- _Task prompt_: All lines below between the line with "Famed for being" and the line with "A Termite's Nest", including both, must be copied exactly, and the pictures must be omitted.

- _Supplied material_:
§ §

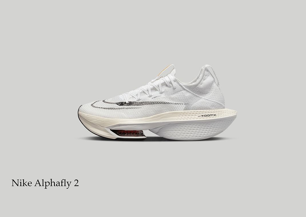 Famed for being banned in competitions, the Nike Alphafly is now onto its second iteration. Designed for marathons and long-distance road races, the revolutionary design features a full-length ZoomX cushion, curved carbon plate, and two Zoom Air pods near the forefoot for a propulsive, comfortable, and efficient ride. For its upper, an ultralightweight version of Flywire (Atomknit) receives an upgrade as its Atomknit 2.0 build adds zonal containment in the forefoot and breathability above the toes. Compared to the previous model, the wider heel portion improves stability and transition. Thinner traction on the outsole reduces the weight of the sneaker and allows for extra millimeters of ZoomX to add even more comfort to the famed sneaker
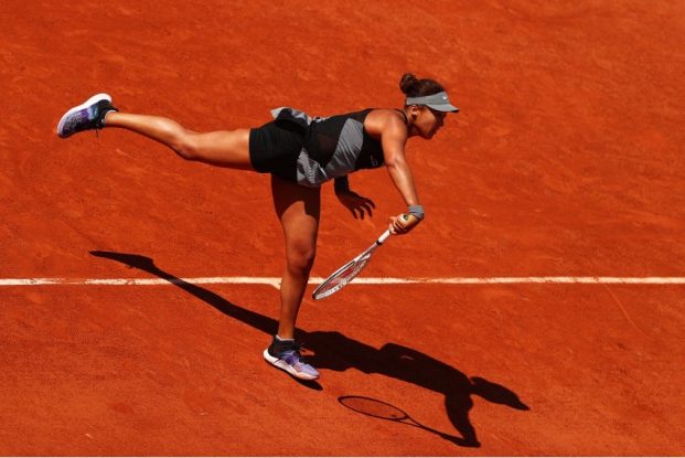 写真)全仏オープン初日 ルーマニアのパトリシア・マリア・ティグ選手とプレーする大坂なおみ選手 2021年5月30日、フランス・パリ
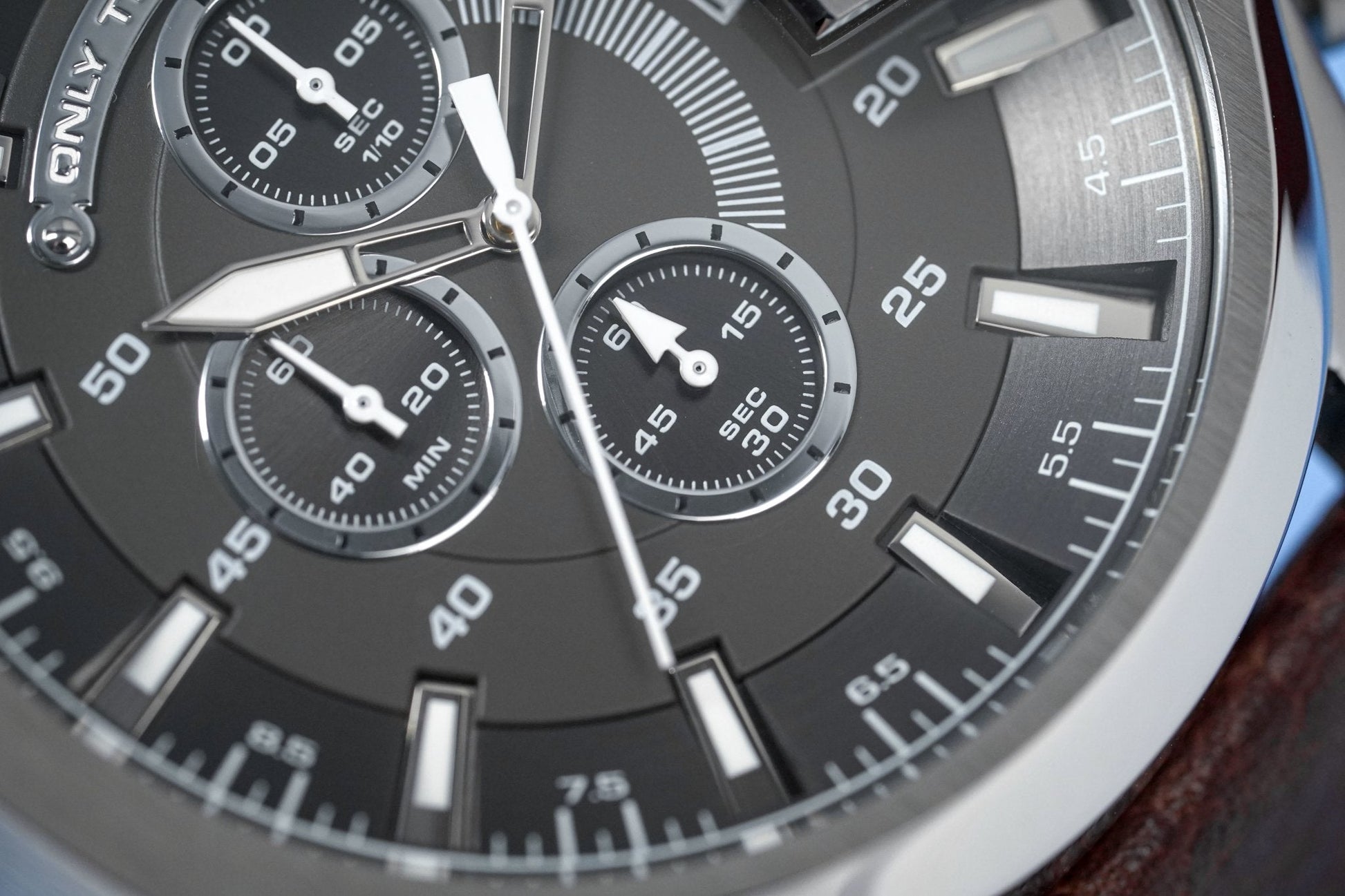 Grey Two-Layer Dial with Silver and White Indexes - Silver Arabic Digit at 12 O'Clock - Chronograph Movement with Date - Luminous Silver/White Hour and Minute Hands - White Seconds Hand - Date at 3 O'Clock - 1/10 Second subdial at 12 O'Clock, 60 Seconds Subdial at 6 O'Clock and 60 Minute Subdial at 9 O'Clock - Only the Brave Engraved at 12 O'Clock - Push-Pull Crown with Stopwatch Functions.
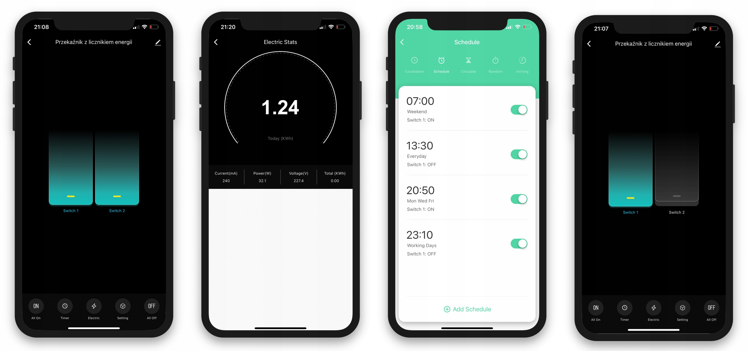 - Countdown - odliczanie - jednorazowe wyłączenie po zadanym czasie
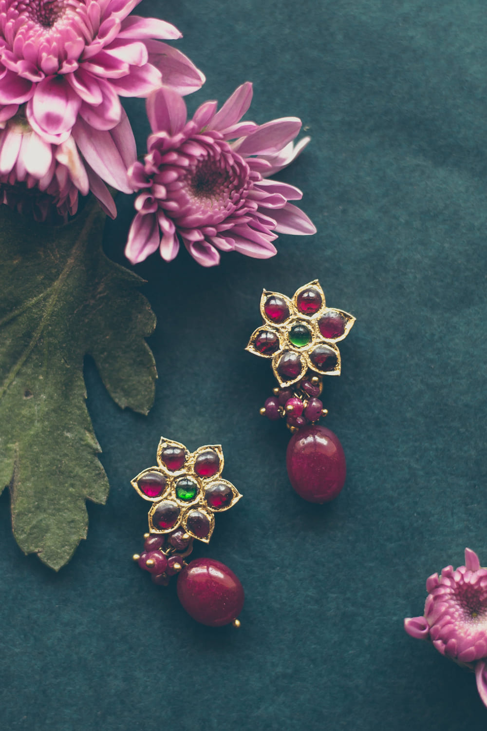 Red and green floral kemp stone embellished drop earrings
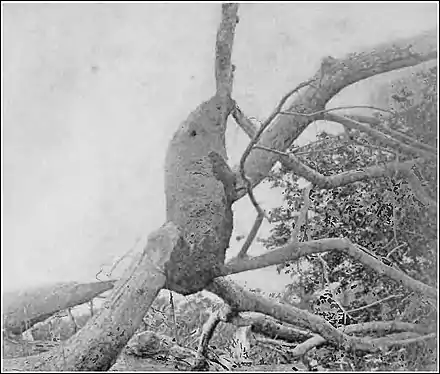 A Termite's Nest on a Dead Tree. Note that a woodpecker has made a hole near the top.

§ §

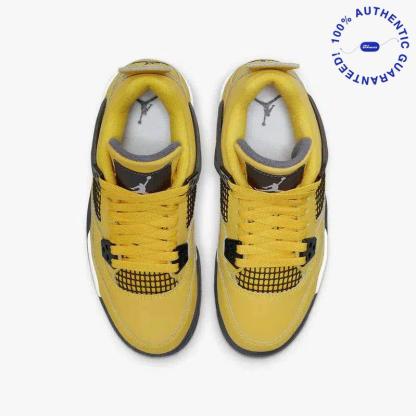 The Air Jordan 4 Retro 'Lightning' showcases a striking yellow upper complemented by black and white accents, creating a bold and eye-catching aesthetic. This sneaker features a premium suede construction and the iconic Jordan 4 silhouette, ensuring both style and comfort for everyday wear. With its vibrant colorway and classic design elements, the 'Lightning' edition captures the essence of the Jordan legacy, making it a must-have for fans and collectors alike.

§ §

- _Result for this exercise_:
 Famed for being banned in competitions, the Nike Alphafly is now onto its second iteration. Designed for marathons and long-distance road races, the revolutionary design features a full-length ZoomX cushion, curved carbon plate, and two Zoom Air pods near the forefoot for a propulsive, comfortable, and efficient ride. For its upper, an ultralightweight version of Flywire (Atomknit) receives an upgrade as its Atomknit 2.0 build adds zonal containment in the forefoot and breathability above the toes. Compared to the previous model, the wider heel portion improves stability and transition. Thinner traction on the outsole reduces the weight of the sneaker and allows for extra millimeters of ZoomX to add even more comfort to the famed sneaker
 写真)全仏オープン初日 ルーマニアのパトリシア・マリア・ティグ選手とプレーする大坂なおみ選手 2021年5月30日、フランス・パリ
 Grey Two-Layer Dial with Silver and White Indexes - Silver Arabic Digit at 12 O'Clock - Chronograph Movement with Date - Luminous Silver/White Hour and Minute Hands - White Seconds Hand - Date at 3 O'Clock - 1/10 Second subdial at 12 O'Clock, 60 Seconds Subdial at 6 O'Clock and 60 Minute Subdial at 9 O'Clock - Only the Brave Engraved at 12 O'Clock - Push-Pull Crown with Stopwatch Functions.
 - Countdown - odliczanie - jednorazowe wyłączenie po zadanym czasie
 Red and green floral kemp stone embellished drop earrings
 A Termite's Nest on a Dead Tree. Note that a woodpecker has made a hole near the top.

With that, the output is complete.